A structure set in within the coastal high-hazard flood zone, like this one, required that it be at least one story above the existing grade. So, Pearce set a series of tapered stone piers to function as the home’s foundational support, followed by beautiful and earthy cedar shingles on the roof and walls, with all-weather Azek trim, HB&G PermaCast columns and PermaPorch railings. Elaborate latticework and trim from Azek deployed at ground level not only permits safe water flow but also offers discreet concealment of storage areas while aesthetically punctuating the home’s beachy yet weather-resistant countenance. When all was said and done, the modern-day palace rose a heady five levels above the bay and provided an amazing 9,200 sq. ft. of livable space, including a 14’ diameter observatory, a 45-foot-high widow’s walk and a detached 600 sq. ft. guest cottage that sits directly over the footprint of the original Assateague Island ferry house.

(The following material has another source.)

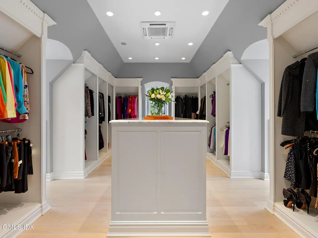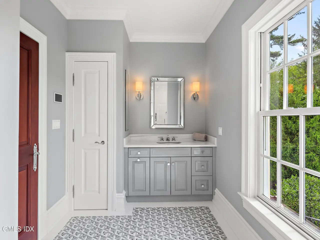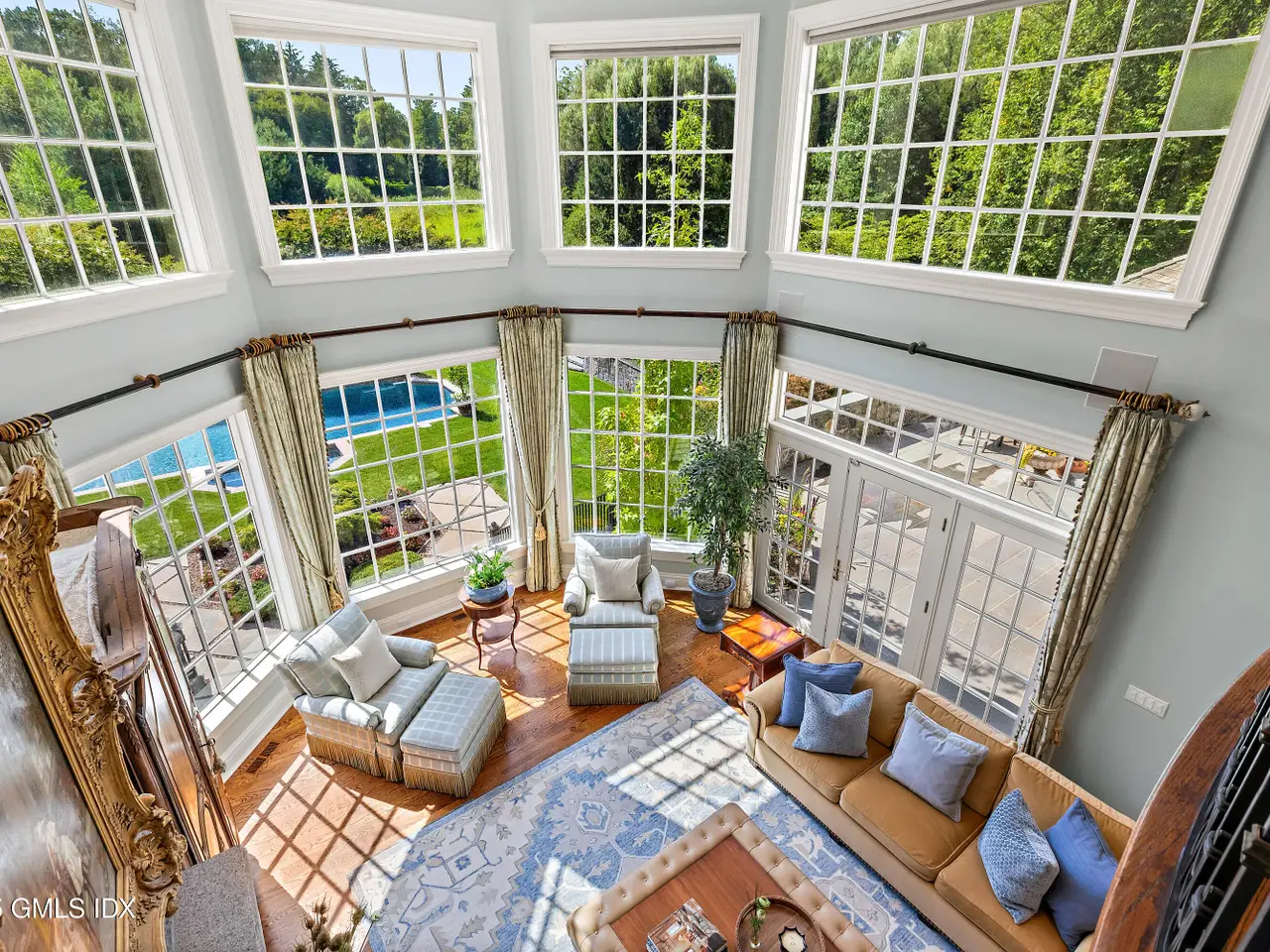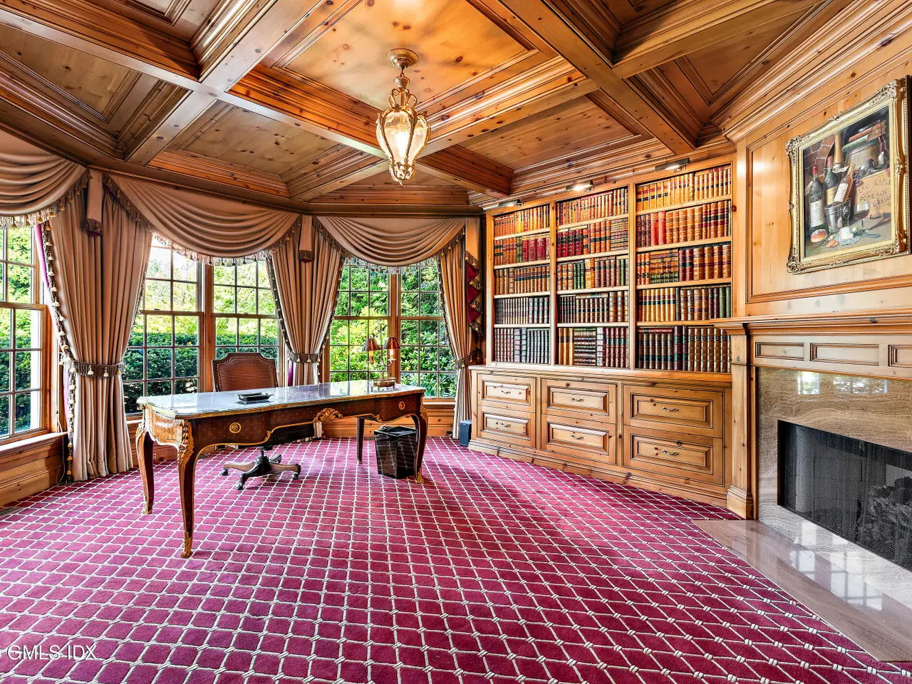 Set within one of Greenwich's most exclusive gated enclaves, this four-acre estate offers exceptional privacy, security, and refinement. With 24-hour staffed security and a backdrop of eight acres of conservation land, it provides rare seclusion. The grounds feature mature specimen plantings and curated gardens. Interiors include Venetian plaster walls, heated marble floors, and custom millwork. Highlights: a hand-carved library, dining room with Parisian lighting, reimagined primary suite with dual marble baths, steam shower, and climate-controlled wardrobe, plus a bespoke wine cellar and bar.
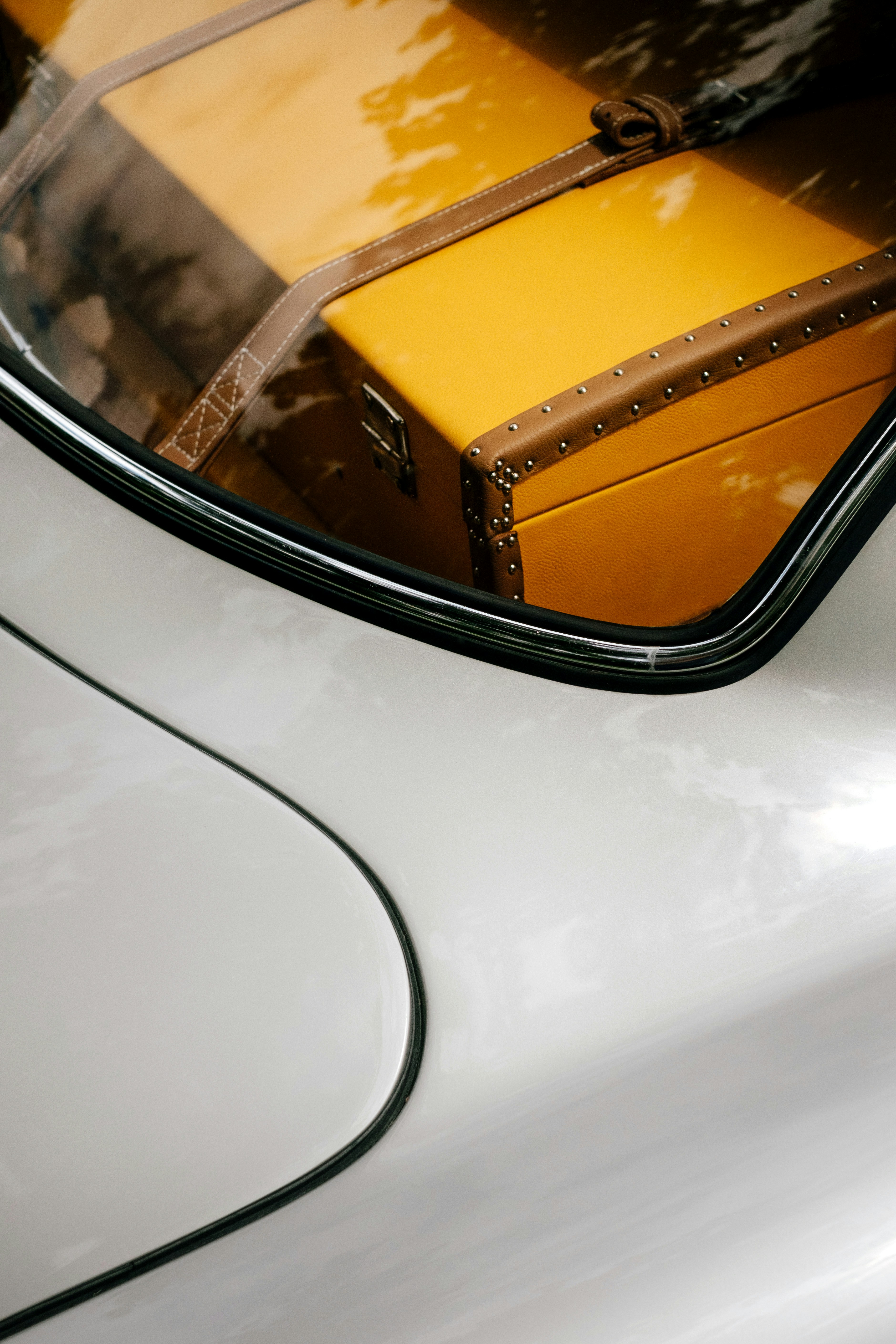 手提箱、汽车、度假、旅游、旅游、灰色、灰色、古董车、古董车、车辆、行李箱、行李箱、车窗、倒影、复古、黄色、皮带、曲线条、线条、最小尺寸

There’s no way around it: As you attempt to enter the one-of-a-kind domicile, you must first breach the all-encompassing wraparound porch, which seems to serve its home the way a moat does a castle. Appropriate, considering the structure is idyllically ensconced between the Sinepuxent Bay on the east side and Newport Bay on the west. Its square footage would be enough to constitute a commodious living space in itself. Once inside, however, one is greeted immediately by an ocean of rich, dark walnut flooring with high ceilings and a circular open staircase and railings that elaborate upon the home’s awe-inspiring grandeur. The south-facing 18’ diameter entry tower with vaulted walnut tongue-and-groove ceiling and exposed, spoked rafters convey a decided nautical feel while offering a picturesque view. It also is the conduit to the floor plan’s home-within-a-home guest-and-recreation space, which includes a guest suite, rec room and state-of-the-art movie theater over a three-bay garage with an extra side bay suitable for watercraft. 

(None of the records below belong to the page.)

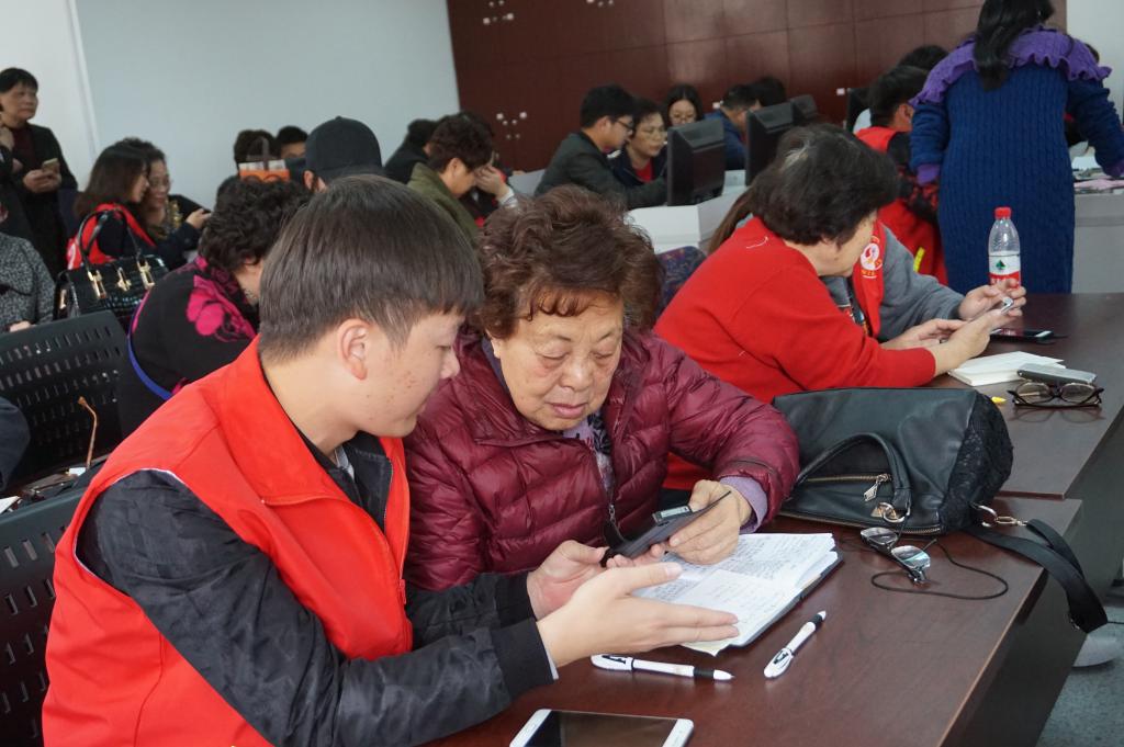 3月15日下午2:00,本学期第一堂微课开班,在分院张勰书记的带领下,经贸分院志愿者一行21位同学来到温州市老年活动中心,近30位老年朋友按照通知时间来到指定教室,志愿者手把手教老人用智能手机,如何发微信、如何把电脑照片传到手机制作电子相册、如何在手机上网购、如何在手机上看视频。老年朋友的热情与认真态度,值得年青人学习。临别时,许多老年人拉着同学们的手说,“你们真好,谢谢你们,在家里孙子总说没时间教我,这样好了,来这里学你们这么耐心,下次把老伴也叫来一起学”。
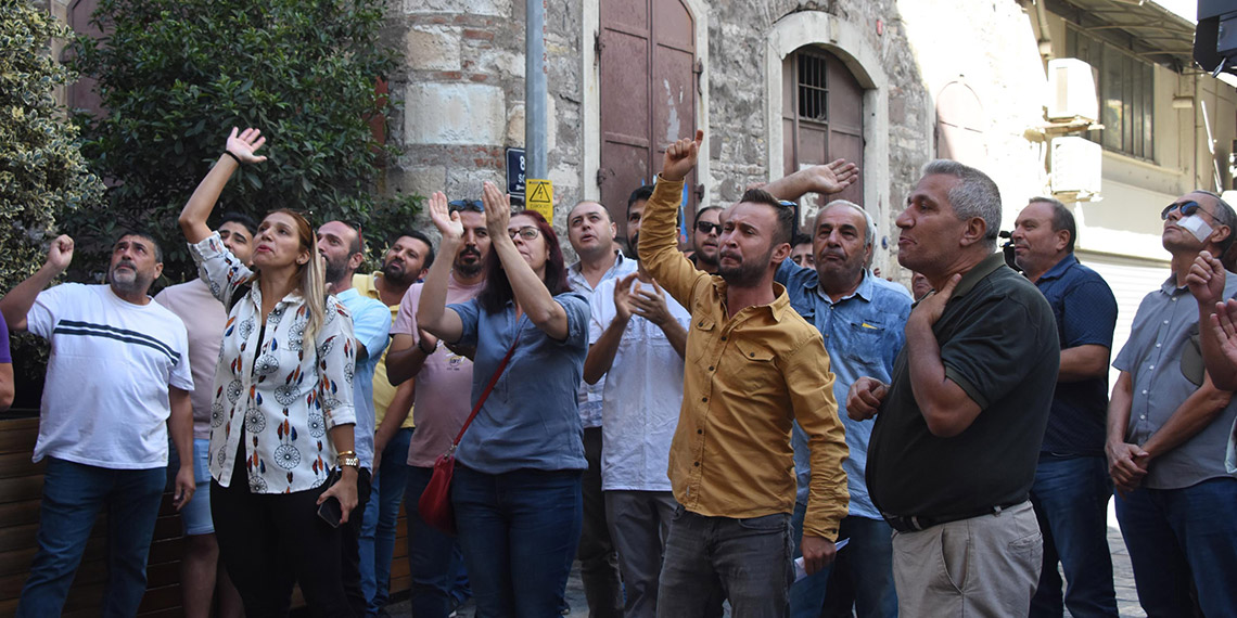 İzmir’de, iptal edilen ‘S plaka’ ihalesi nedeniyle mağdur edildiklerini öne süren bir grup esnaf, İzmir Büyükşehir Belediye binası önünde toplanıp eylem yaptı. S plaka için ödedikleri paraların geri verilmesini değil, plakalarını istediklerini belirten grup, kıyafetlerini çıkarıp, binanın önüne atarak, “Bizi böyle don, gömlek, atlet bıraktılar” diye bağırıp, tepkilerini dile getirdi.
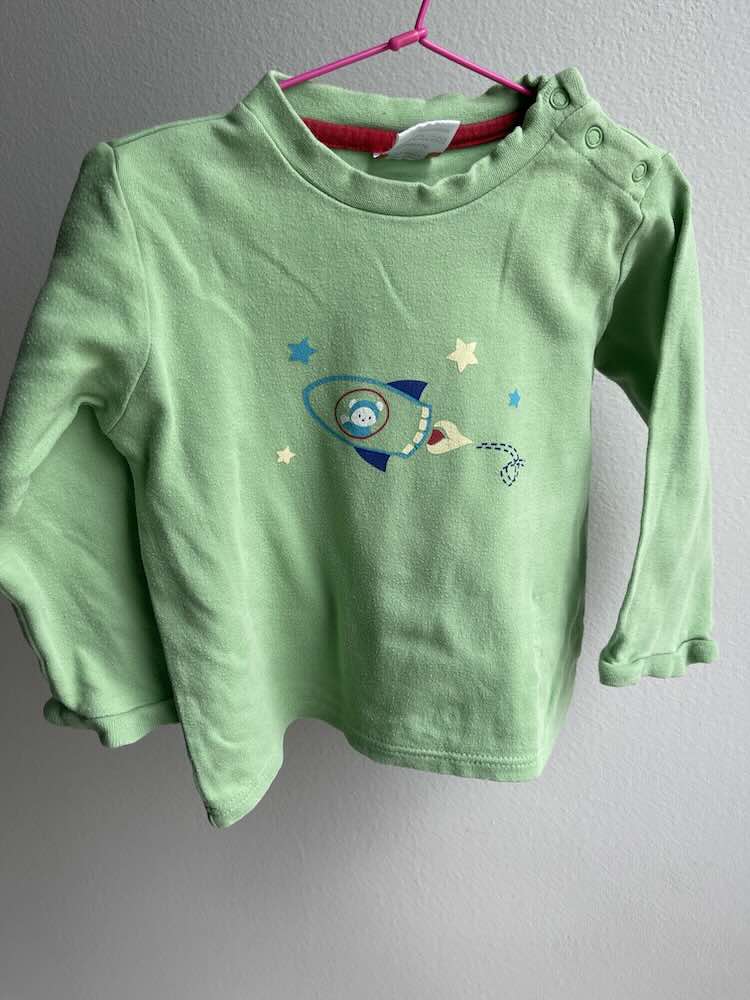 Preslatka majica zelene boje sa printom rakete i mede, odgovara velicini 86/92
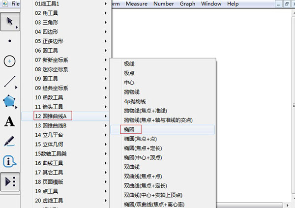 步驟一:選擇橢圓工具。打開幾何畫板,單擊左邊工具欄的“自定義工具”按鈕,在其工具菜單選擇“圓錐曲線A”——“橢圓”工具,如下圖所示。
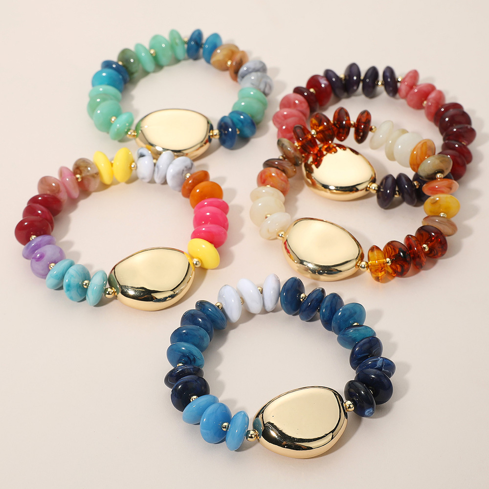 Polished Metal Accent Resin Pebble Beaded Stretch Bracelet Polished Metal Accent Resin Pebble Beaded Stretch Bracelet Polished Metal Accent Resin Pebble Beaded Stretch Bracelet

The guest suite, located on the third floor, includes a large circular window in addition to partially open, partially enclosed balcony that allows enjoyment of Sinepuxtent Bay even during inclement weather. The continuous collar ties throughout the third floor act as an aesthetic flourish while providing additional structural support. Over on the other side, the 450 sq. ft master suite is the size of many Manhattan studio apartments, but this space includes a private covered balcony — a feature of each of the home’s five bedrooms. It boasts a large master bath (one of five, not including two additional half-baths) with a glass-enclosed shower sufficient to accommodate a house party, claw-foot tub and makeup vanity.

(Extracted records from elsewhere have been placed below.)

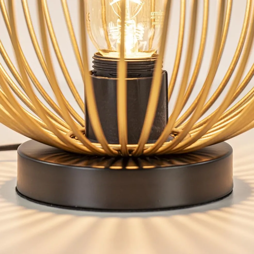 Een leuke trendy tafellamp met een fijne lichtverspreiding. Door de spijlen heeft de lamp een open structuur waardoor er veel licht kan worden verspreid. De tafellamp is gemaakt van metaal en uitgevoerd in het goud met zwart. De gouden spijlen geven de lamp een speelse look. De tafellamp is voorzien van een zwart snoer met een lengte van 185 cm. De lichtbron is exclusief.
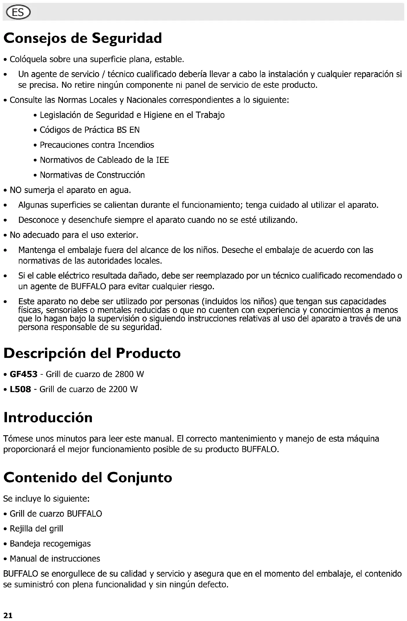 - L508 - Grill de cuarzo de 2200 W Introducción Tómese unos minutos para leer este manual. El correcto mantenimiento y manejo de esta máquina proporcionará el mejor funcionamiento posible de su producto BUFFALO. Contenido del Conjunto Se incluye lo siguiente:
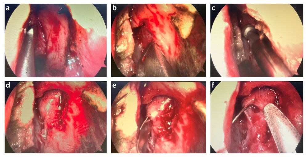 Hình 1. Các bước tiến hành phẫu thuật mở thông túi lệ mũi. a, Lật vạt niêm mạc thành bên mũi; b, Bộc lộ ống lệ mũi bằng Kerrison; c, Khoan bộc lộ túi lệ mũi và tế bào Ager nasi; d, Lấy bỏ các thành ống xương quanh túi và ống lệ mũi; e, Rạch túi lệ theo định hướng que thăm dò; f, Mở rộng túi lệ mũi và ống lệ mũi
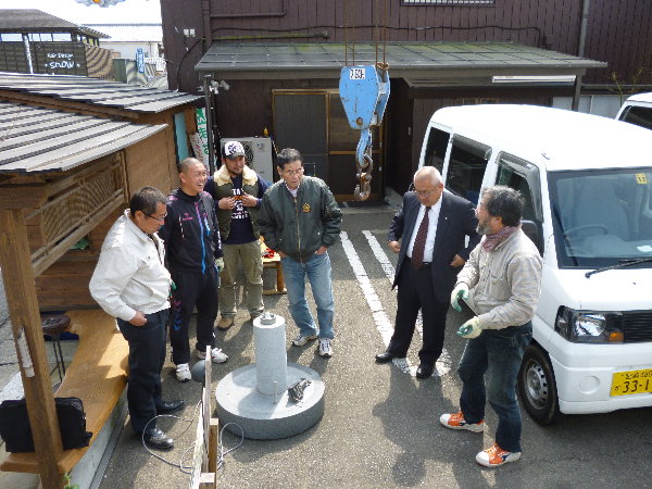 まず一番街駐車場に設置してあったPetreのあかりモニュメントを、18日オープン予定の「たかなべ町屋本店」へ移設しました。

The great room, meanwhile, is even more vast. At a whopping 900 sq. ft, it has more than enough space for the plush furnishings, home electronics and baby grand piano that occupy it. Embellished with a luxurious coffered ceiling, the room supports a parlor area in the stacked, cylindrical geometry of the home’s southeast face, in addition to three beautiful sets of French doors that open outward onto balconies. 

Off the great room is the home’s large formal dining room and gourmet eat-in kitchen with butler pantry. A second-level TV/lounge area with sundeck and hot tub enable the owner’s teenage kids to have their own space without encroaching upon their elders, even though the home’s four-person elevator makes communion that much easier.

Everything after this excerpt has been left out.